13. Data Pump Compression
Metadata compression available since Oracle Database 10g
Oracle Database 11g extends compression to table data during exports
No need to decompress before import
Single step compression of both data and metadata
Compressed data directly hits disk resulting in reduced disk space requirements
75% reduction in dump file size on export of sample OE and SH schemas
Compression factor comparable to GNU gzip utility
Application transparent
Complete Data Pump functionality available on compressed files

14. Backup data and Network transport Compression
Fast RMAN Compression
Compresses the backup set contents before writing them to disk or tape
No extra decompression steps are required during recovery when you use RMAN compression.

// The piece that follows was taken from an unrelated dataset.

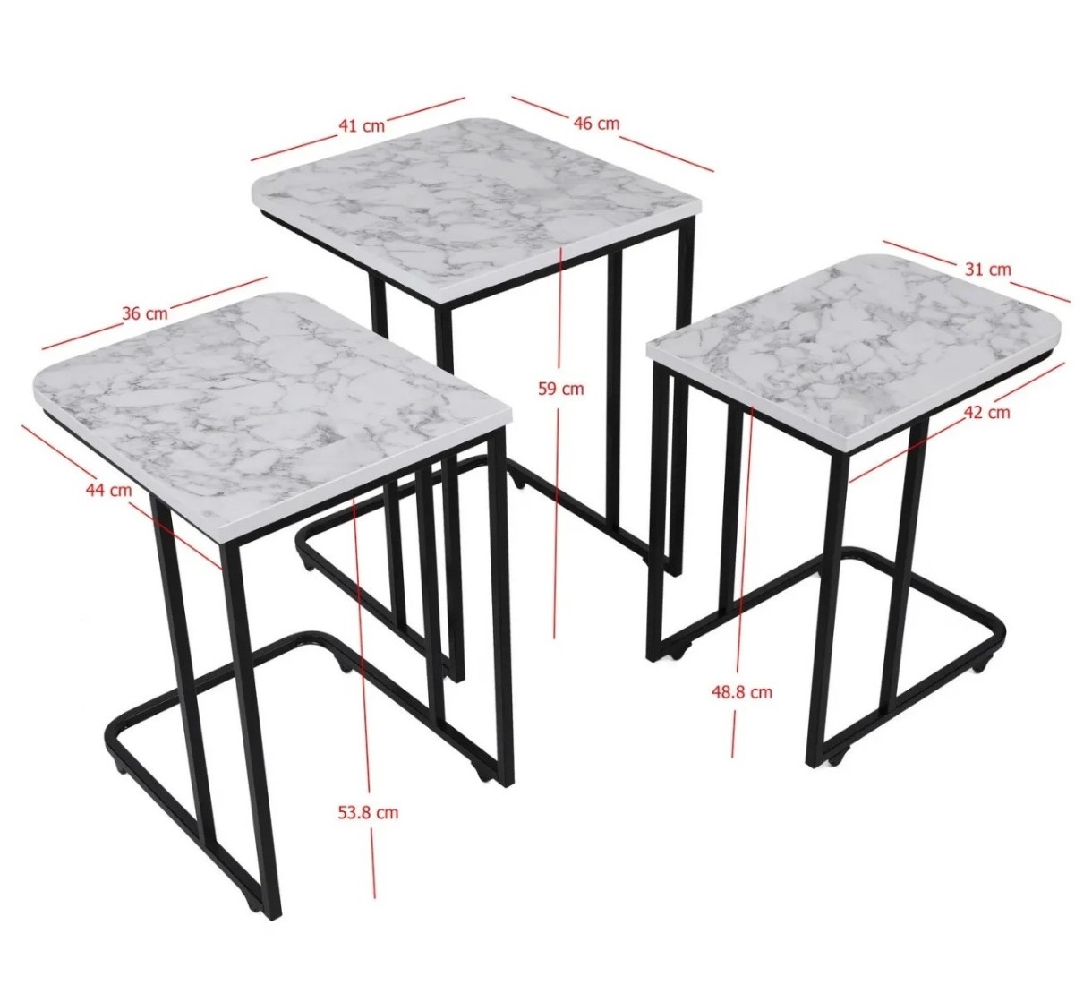 Specificații suplimentarea doua masă - înălțime 53,8 cm, lățime 36 cm, adâncime 44 cm, a treia masă - înălțime 48,8 cm, lățime 31 cm, adâncime 41 cm

High performance, industry standard compression algorithm
40% faster backup compression versus Oracle Database 10g
Suitable for fast, incremental daily backups
Reduces network usage
Data Guard Network Compression
Compression of redo traffic over the network during redo gap resolution
Improves redo transport performance
Gap resolution is up to 2x faster

15. Summary
Advanced Compression Option contains comprehensive data compression capabilities for all types of data
Structured, Unstructured, Backup, Network Transport
Reduces storage consumption by 2 to 3 times
Improves read performance
Enhances memory, buffer cache utilization
Complete application transparency
Benefits diverse application workloads
So, to sum it up, as we have seen Advanced Compression Option in Oracle Database 11g contains a compelling set of compression technologies to help customers deal with data volume explosion in a cost effective manner without compromising application performance. Our compression technologies not only reduce disk space requirements, they improve application performance, enhance memory and network efficiency and can be used with any application out of the box. We are very excited about this technology and truly hope that this offering will help customers manage their large volume of data in the most cost effective manner.